◆ TO DO ◆
Using the listing below, set down each line from the line containing "Le indicazioni e" through the line containing "Druga prirubnica od", both ends included, exactly and with nothing added.

[Start of section]

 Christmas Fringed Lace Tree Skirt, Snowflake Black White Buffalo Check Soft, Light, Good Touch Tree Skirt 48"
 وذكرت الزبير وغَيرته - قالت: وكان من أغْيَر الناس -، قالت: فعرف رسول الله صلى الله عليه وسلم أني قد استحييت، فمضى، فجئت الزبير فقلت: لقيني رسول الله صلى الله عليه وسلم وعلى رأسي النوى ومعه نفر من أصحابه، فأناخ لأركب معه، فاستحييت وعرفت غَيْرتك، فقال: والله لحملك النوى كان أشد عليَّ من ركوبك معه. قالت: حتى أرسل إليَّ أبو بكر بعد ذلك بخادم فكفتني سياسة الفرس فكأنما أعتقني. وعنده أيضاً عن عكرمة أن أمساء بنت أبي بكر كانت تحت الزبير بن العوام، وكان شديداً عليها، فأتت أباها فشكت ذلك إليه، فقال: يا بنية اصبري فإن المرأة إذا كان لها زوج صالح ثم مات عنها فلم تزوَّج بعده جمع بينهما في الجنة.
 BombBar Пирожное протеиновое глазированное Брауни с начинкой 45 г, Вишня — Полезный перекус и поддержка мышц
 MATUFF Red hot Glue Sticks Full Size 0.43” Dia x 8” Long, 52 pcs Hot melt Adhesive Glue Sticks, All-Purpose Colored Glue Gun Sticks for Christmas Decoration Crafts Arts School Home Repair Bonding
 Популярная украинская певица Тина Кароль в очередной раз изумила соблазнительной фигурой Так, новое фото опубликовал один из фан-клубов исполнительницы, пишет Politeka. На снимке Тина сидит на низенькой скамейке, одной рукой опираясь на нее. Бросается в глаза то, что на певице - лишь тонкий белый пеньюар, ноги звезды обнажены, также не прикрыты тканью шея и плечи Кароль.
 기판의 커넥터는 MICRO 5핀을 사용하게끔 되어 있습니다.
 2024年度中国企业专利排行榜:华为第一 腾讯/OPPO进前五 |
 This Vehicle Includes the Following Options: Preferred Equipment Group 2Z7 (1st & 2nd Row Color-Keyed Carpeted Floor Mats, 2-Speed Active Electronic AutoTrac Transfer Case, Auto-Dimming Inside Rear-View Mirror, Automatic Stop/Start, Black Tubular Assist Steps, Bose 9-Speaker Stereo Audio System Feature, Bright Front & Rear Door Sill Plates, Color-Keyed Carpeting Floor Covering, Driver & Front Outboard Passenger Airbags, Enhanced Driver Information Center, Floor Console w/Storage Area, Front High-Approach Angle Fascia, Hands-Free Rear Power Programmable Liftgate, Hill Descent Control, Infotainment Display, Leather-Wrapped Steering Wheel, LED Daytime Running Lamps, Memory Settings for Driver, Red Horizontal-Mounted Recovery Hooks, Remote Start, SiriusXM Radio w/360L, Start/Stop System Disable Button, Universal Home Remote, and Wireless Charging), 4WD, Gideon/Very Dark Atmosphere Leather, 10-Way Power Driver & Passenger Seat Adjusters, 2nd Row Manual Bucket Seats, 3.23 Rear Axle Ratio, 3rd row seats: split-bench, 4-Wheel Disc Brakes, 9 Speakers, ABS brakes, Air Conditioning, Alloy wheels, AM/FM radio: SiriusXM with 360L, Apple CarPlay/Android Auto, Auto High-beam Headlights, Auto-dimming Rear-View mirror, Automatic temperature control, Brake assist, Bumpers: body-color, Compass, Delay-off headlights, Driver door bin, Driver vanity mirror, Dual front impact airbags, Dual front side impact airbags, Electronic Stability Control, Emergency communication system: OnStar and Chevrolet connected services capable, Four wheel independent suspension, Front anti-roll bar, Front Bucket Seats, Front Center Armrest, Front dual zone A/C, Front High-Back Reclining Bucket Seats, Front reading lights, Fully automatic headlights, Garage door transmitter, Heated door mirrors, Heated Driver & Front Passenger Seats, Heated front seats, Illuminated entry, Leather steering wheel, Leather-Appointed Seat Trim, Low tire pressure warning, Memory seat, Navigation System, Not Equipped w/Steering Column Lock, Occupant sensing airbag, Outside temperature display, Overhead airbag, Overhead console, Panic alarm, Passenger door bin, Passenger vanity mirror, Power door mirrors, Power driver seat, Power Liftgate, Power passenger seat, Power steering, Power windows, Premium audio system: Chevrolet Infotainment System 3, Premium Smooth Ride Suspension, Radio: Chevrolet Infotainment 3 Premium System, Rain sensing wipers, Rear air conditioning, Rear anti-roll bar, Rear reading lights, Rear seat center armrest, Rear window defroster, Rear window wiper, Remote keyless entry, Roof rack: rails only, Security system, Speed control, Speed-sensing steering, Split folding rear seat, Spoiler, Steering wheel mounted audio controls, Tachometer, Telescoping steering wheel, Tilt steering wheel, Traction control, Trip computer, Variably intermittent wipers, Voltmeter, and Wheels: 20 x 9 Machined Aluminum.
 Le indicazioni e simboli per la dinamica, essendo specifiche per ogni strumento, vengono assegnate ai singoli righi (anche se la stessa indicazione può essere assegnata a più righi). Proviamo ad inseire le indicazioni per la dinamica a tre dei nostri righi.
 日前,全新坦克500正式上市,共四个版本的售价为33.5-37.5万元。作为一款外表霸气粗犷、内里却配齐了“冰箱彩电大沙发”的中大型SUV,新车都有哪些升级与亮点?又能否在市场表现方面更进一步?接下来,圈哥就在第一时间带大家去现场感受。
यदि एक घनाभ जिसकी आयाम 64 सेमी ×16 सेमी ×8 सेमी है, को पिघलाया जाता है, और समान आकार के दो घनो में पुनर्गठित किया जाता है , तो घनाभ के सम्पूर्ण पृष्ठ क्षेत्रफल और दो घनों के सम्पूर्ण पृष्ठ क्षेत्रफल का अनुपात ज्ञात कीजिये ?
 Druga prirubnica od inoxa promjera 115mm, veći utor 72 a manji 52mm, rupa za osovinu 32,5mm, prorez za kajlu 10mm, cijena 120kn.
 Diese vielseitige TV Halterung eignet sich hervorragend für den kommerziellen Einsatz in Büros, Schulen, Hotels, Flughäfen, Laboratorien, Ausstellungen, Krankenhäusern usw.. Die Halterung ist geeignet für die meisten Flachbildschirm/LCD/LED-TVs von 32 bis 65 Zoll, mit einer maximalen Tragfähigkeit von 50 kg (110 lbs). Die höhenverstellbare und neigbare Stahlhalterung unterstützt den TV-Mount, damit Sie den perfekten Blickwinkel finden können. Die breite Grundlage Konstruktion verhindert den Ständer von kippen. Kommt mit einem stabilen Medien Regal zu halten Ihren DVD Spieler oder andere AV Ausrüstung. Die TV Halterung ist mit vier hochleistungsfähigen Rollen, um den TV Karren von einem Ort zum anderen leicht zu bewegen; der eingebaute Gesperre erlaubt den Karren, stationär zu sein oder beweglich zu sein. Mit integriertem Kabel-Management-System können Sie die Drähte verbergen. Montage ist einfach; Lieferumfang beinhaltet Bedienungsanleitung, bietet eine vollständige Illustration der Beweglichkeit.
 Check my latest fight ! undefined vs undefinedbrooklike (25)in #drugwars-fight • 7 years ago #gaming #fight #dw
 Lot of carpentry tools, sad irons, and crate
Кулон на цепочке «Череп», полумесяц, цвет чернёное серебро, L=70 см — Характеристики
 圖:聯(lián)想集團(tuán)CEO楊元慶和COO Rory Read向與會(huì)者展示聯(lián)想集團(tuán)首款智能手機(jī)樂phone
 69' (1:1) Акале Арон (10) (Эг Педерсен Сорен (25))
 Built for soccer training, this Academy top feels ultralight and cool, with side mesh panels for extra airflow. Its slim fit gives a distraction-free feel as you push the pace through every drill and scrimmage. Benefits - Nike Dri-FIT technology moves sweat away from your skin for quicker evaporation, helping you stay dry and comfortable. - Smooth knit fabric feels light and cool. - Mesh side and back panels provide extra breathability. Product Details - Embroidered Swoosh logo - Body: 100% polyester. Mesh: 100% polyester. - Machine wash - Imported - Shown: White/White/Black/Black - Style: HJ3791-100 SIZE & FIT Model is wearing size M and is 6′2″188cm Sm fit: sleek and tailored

[End of section]

◆ YOUR SOLUTION ◆
 Le indicazioni e simboli per la dinamica, essendo specifiche per ogni strumento, vengono assegnate ai singoli righi (anche se la stessa indicazione può essere assegnata a più righi). Proviamo ad inseire le indicazioni per la dinamica a tre dei nostri righi.
 日前,全新坦克500正式上市,共四个版本的售价为33.5-37.5万元。作为一款外表霸气粗犷、内里却配齐了“冰箱彩电大沙发”的中大型SUV,新车都有哪些升级与亮点?又能否在市场表现方面更进一步?接下来,圈哥就在第一时间带大家去现场感受。
यदि एक घनाभ जिसकी आयाम 64 सेमी ×16 सेमी ×8 सेमी है, को पिघलाया जाता है, और समान आकार के दो घनो में पुनर्गठित किया जाता है , तो घनाभ के सम्पूर्ण पृष्ठ क्षेत्रफल और दो घनों के सम्पूर्ण पृष्ठ क्षेत्रफल का अनुपात ज्ञात कीजिये ?
 Druga prirubnica od inoxa promjera 115mm, veći utor 72 a manji 52mm, rupa za osovinu 32,5mm, prorez za kajlu 10mm, cijena 120kn.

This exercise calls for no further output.